Sistema unificado da Secretaria estadual de Saúde informa que espera para internação em UTI passa de um dia; Niterói ainda tem vagas



A falta de vagas para internação de doentes de Covid se agrava no Estado do Rio. De acordo com o sistema de regulação das vagas reservadas na rede pública, a demora média para a internação de um paciente é de 18 horas para um leito e 25 h no caso de UTI. O número de pedidos de hospitalização em filas de espera chega a 989, sendo 279 para leitos e 710 para UTIs.


O sistema de acompanhamento centralizado da Secretaria Estadual de Saúde registra uma taxa de ocupação dos leitos de 78,9% e das UTIs de 92,4%. A rápida ocupação das UTIs tem sido uma característica deste momento da doença, associado à presença de variante P1 do coronavírus, a chamada mutação de Manaus. Em fevereiro, a fila de espera havia sido praticamente zerada.

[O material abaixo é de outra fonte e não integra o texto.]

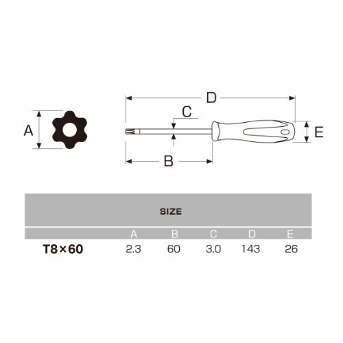 「アネックス(ANEX) ドライバー ヘクスローブ T8x60 穴付 No.6300」▼4962485020439▼(商品説明)1本・ブラック T8(穴あり) No.6300・・Size:T8(穴あり)・トルク伝達率が高いヘクスローブ(6つ溝)ネジ用ドライバー・ハンドルは四角に近い断面形状で力をかけやすい・先端サイズ:T8(2.3mm)、穴あり・製品寸法:全長143mm、軸長60mm、軸径3mm、ハンドル最大径26mm・マグネット:なし説明 商品紹介 ●トルク伝達率が高いヘクスローブ(6つ溝)ネジ用ドライバー ●ハンドルは四角に近い断面形状で力をかけやすい ●先端サイズ:T8(2.3mm)、穴あり ●製品寸法:全長143mm、軸長60mm、軸径3mm、ハンドル最大径26mm ●マグネット:なし ●包装形態:フック付 より ●ヘクスローブ付ネジ部品と締め付け工具は、軸に平行な側面ではまり合うため、締め付け時の滑り及び工具の外れ(カムアウト)がなく、確実な締め付けができる ●広い面で理想的な角度でトルクが伝達されるため、トルク伝達に付随したネジ部品の形状のくずれがない ●同様の理由から締め付け工具の割れや磨耗が少なく、工具の寿命が著しく伸びる ●ドライバーの先端部をメッキ層の厚みの影響を受けない高精度仕様に仕上た ●理想的なネジとのカン合により耐久性を大幅アップ ●いじり止め付ネジにも対応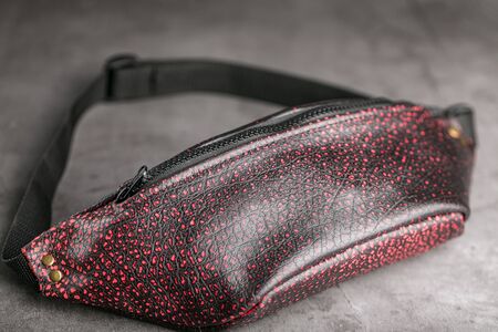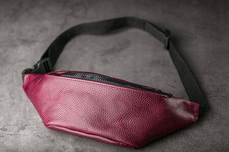 Waist bag made of dark red leather, banana on a gray background. Handmade
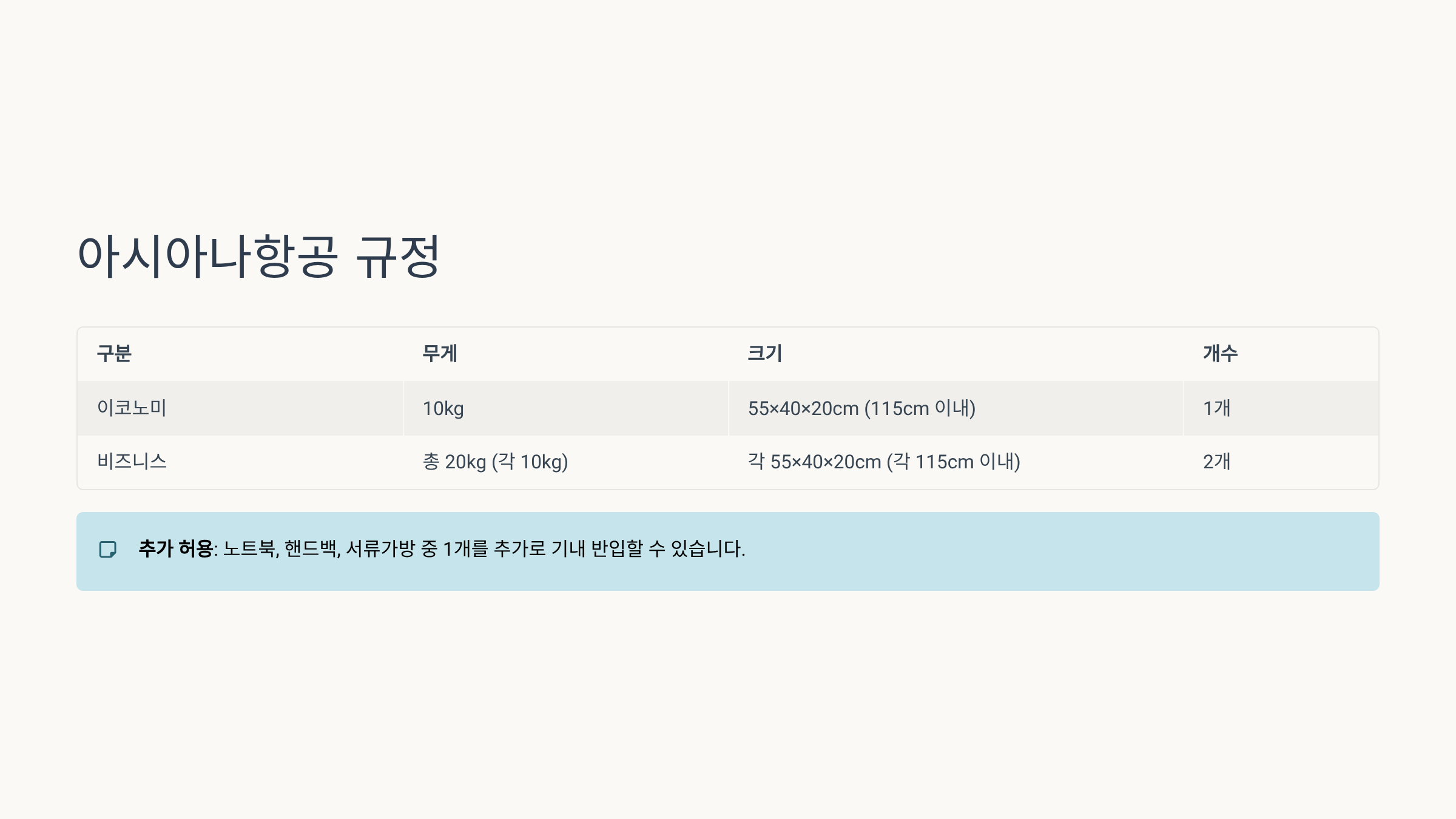 | 비즈니스 | 총 20kg (각 10kg) | 각 55cm × 40cm × 20cm (각 115cm 이내) | 2개 |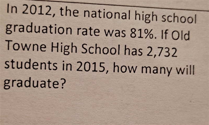 Step-by-step explanation: 81% of 2732 is 2212.92, round it to the nearest tenth and 2213 is your result.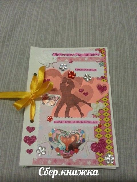 Сестре делала сберкнижку, брату сладкий конверт. Можете попробовать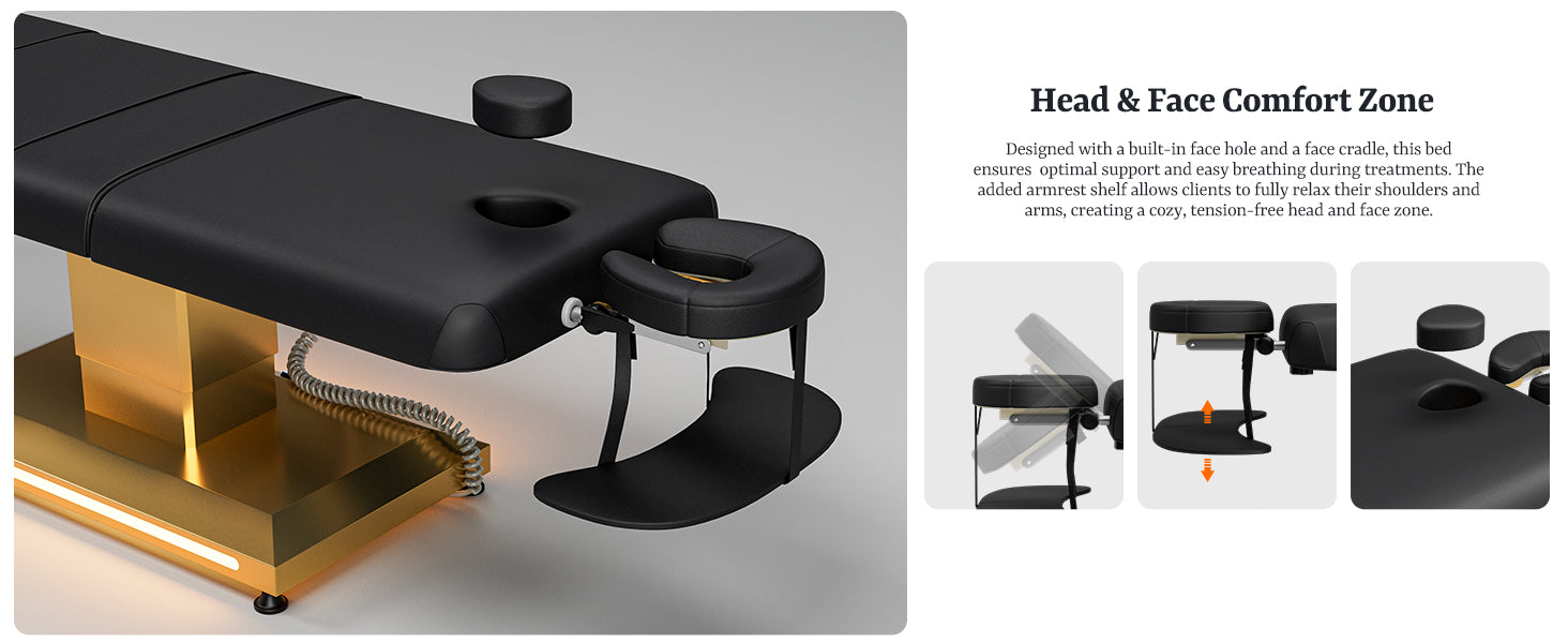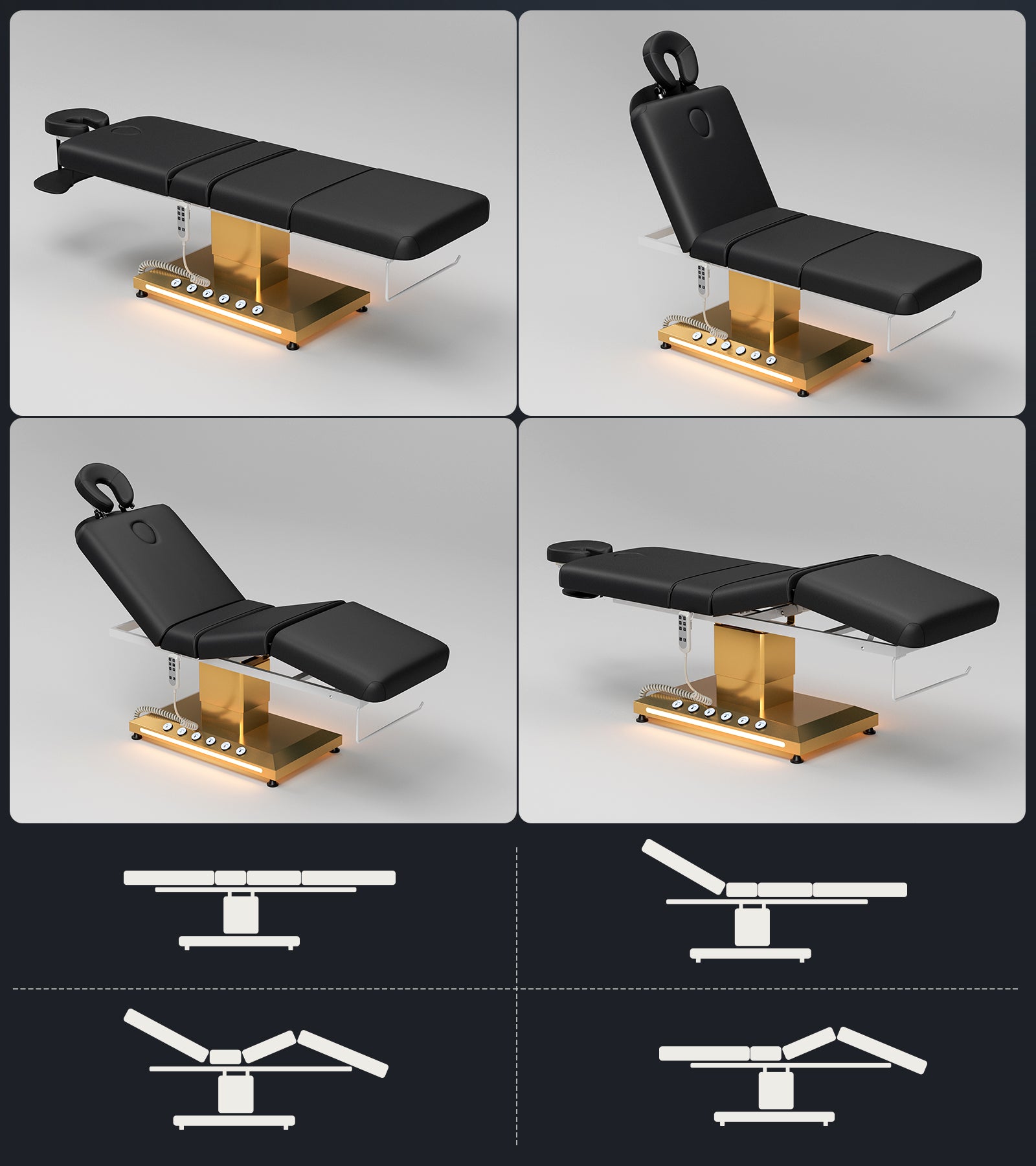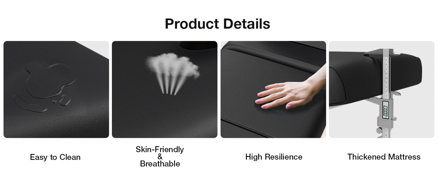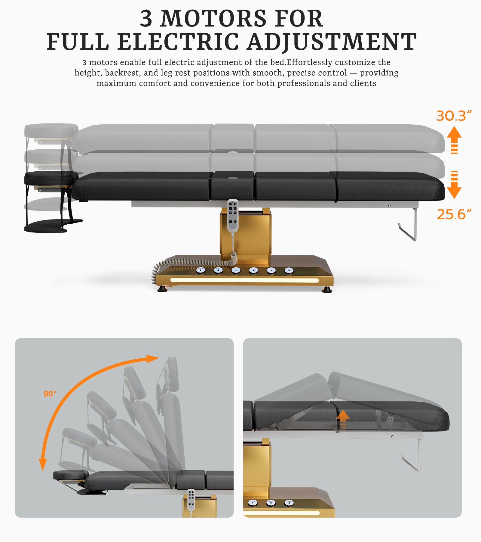 High-Performance Silent Motors: This electric beauty bed is equipped with 3 powerful motors that ensure smooth and precise adjustments to the bed’s height, backrest angle, and leg rest incline.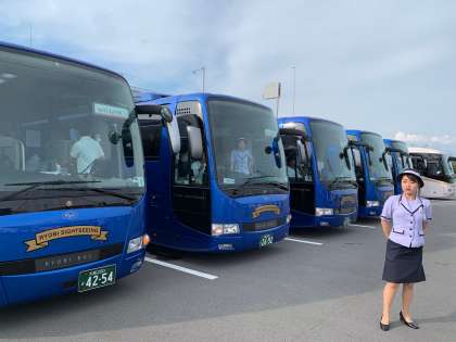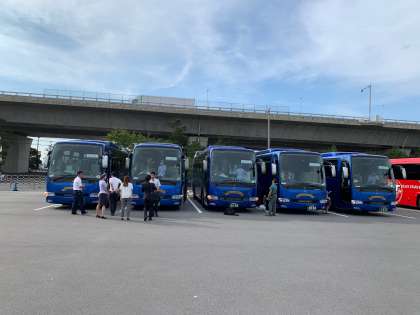 ナガシマスパーランド駐車場からバスに乗車し、瑞光中学校に帰校するために出発しました。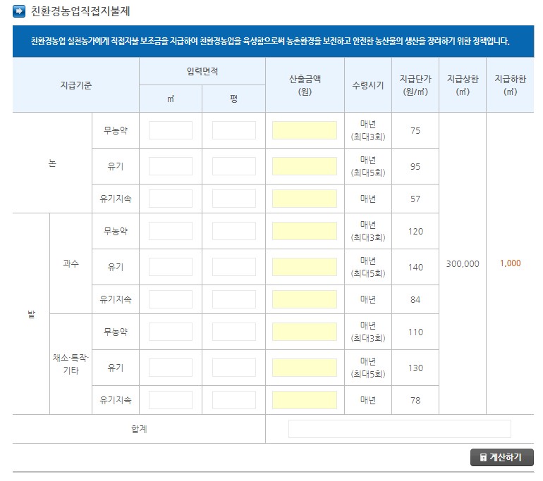 나의 직불금 계산하기는 사용자가 입력한 값을 토대로하여 계산되며, 실제 지금되는 직불금 금액과는 차이가 있을 수 있다고 안내하고 있어요. 단순 참고 자료로 이용하시면 좋을 듯 합니다.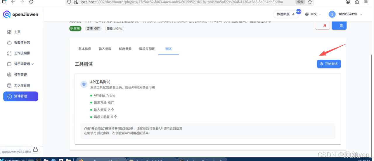 测试成功后,工具状态变为启用。若修改参数或代码,工具将自动变为禁用,需重新测试通过才能生效。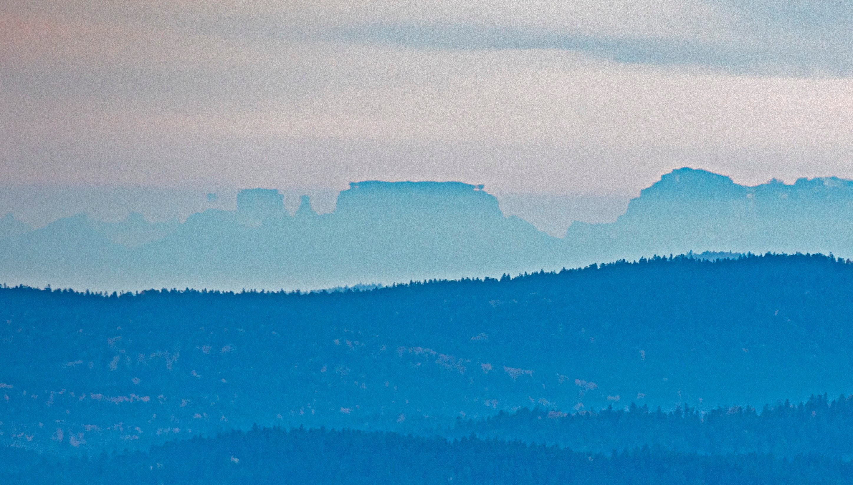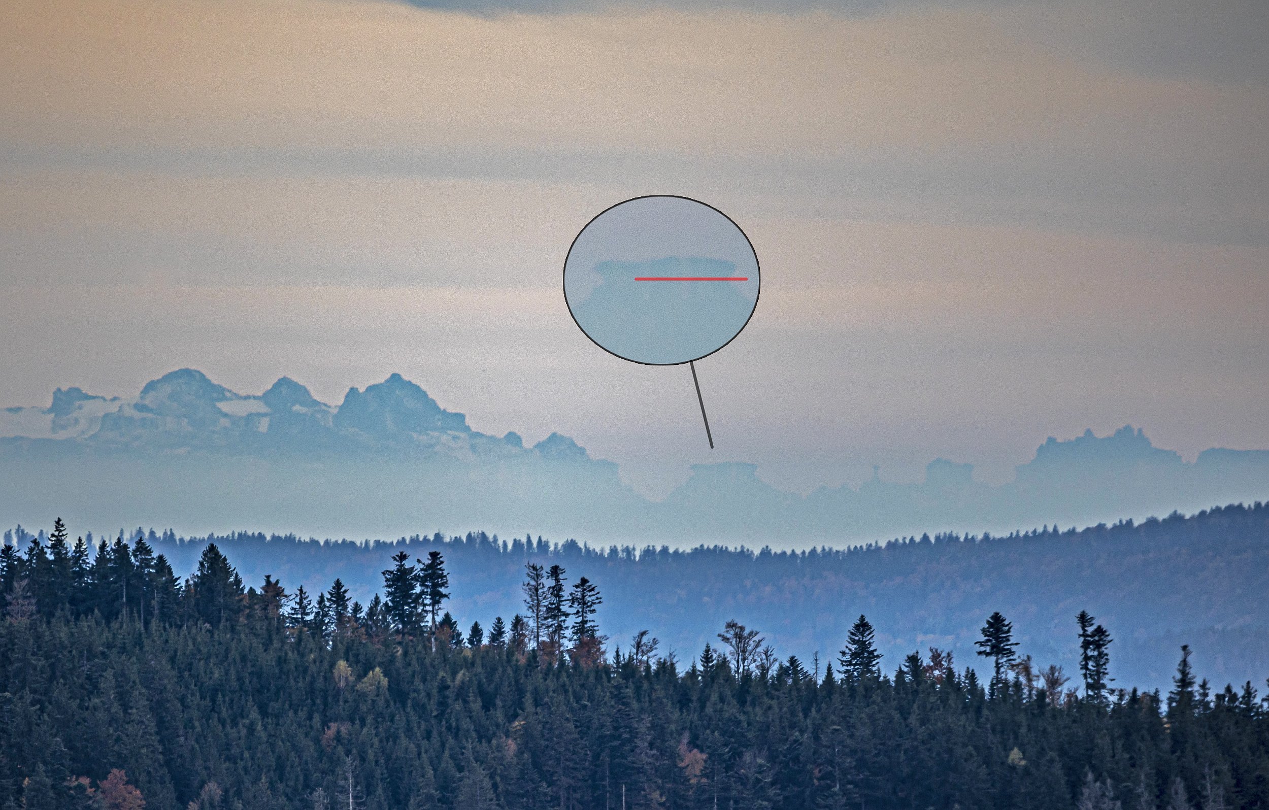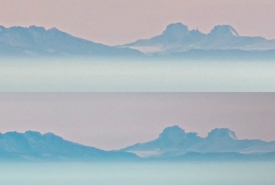 Pohled na Grossglockner z Pancíře 26.10.2021 po poledni - zrcadlení se v čase mění - na prvním snímku jsou tak u vrcholu jakési dvě věže a po pár minutách naopak mizí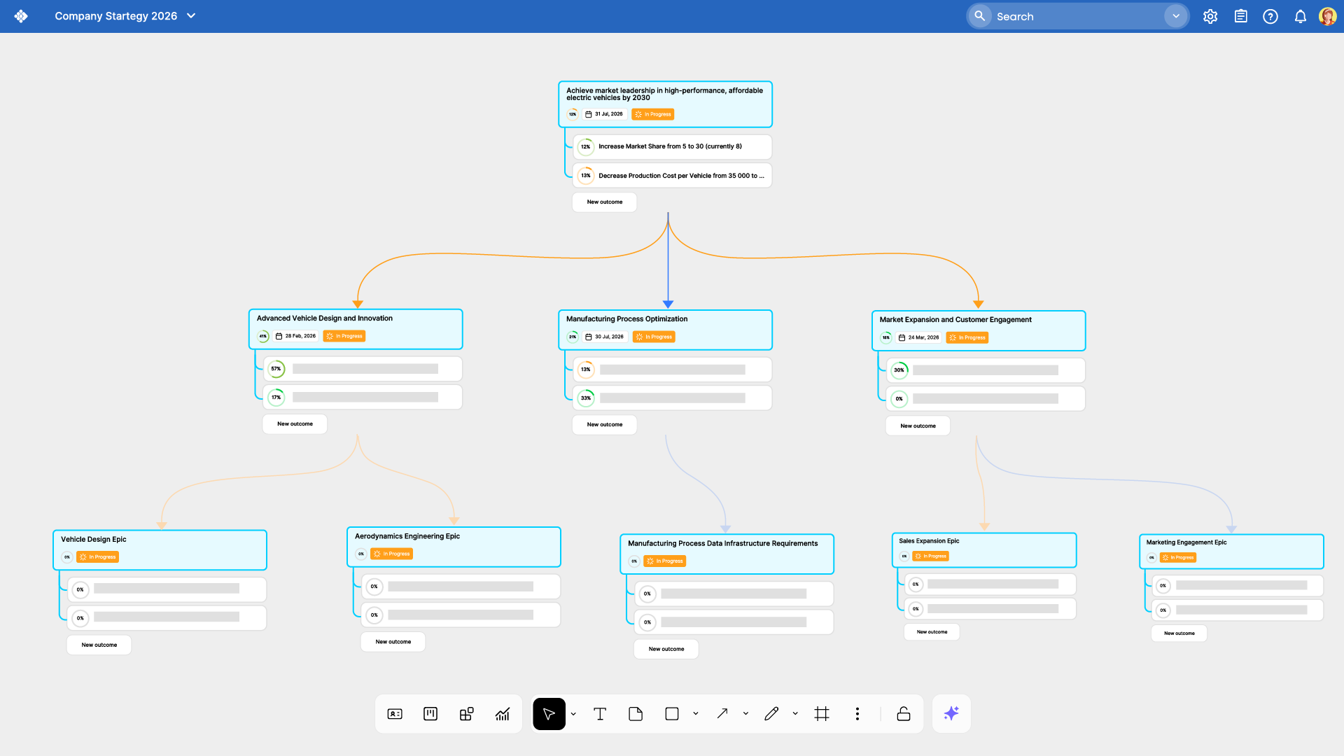 Conecta los OKRs con el trabajo real, no con presentaciones. Businessmap vincula la estrategia con la ejecución del trabajo a través de los equipos.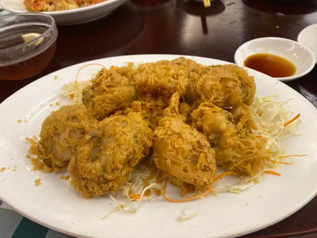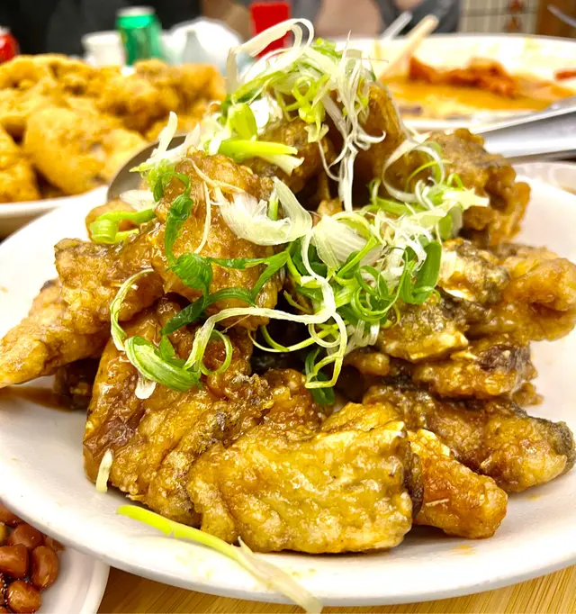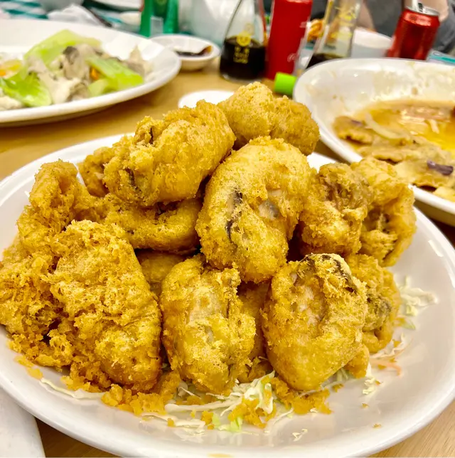 三年冇得出去食飯,終於今年公司團年飯可以拉大隊去鯉魚門食海鮮🦞老細book咗龍騰,係一間比較舊式嘅海鮮酒家,室內環境撲實不華,第一印象已經覺得老實唔劏客。墨魚刺身,生鮮爽口,墨魚鬚比較硬所以再加工椒鹽炒,炒過即刻變得爽口(唔記得映相)。牛油蒜蓉焗蝦,極度香口但又唔覺熱氣,連蝦殼蝦頭都食埋。上湯焗龍蝦煎米粉底,每人半隻龍蝦用刀叉食好爽,但估唔到主角係煎米粉,大家爭住encore。一魚兩味:炒球和炆頭腩,炒球食到塊魚皮啖啖骨膠原,個炆頭腩同平時出邊酒樓唔同,炸過再炆,所以有外脆內軟嘅效果,讚👍酥炸生蠔,同事點名要食,炸漿薄身,蠔有蠔味,可以連食3隻都唔覺漏。薑蔥鮑魚煲,一開蓋香噴噴,不過食落味道冇想像中入味,又或者已經食到好飽食慾開始下降。另外叫咗上湯浸菜心和招牌生炒骨,唔記得映相。甜品有脆麻花同木瓜,人均大約$600連海鮮,大滿足🥰查看更多

A maior espera acontece na Região Metropolitina I, onde se encontram o Rio e a Baixada Fluminense. Na Região Metropolitana II, onde aparece Niterói, ainda há vagas.

Niterói, São Gonçalo, Itaboraí e Maricá


Com os municípios vizinhos a Niterói estando no estágio de risco considerado "alto", São Gonçalo é a cidade que apresenta o melhor panorama na taxa de ocupação dos leitos. De acordo com o painel da Secretaria de Estado de Saúde, o município gonçalense está com 57% dos leitos em enfermaria ocupados e os de CTI se encontram em 80%.


Niterói, que já teve uma quantidade da vagas maior há algumas semanas, viu a taxa de ocupação disparar recentemente. Segundo o painel, 84% dos leitos em enfermaria estão ocupados. Já os de CTI se encontram com 83% de ocupação.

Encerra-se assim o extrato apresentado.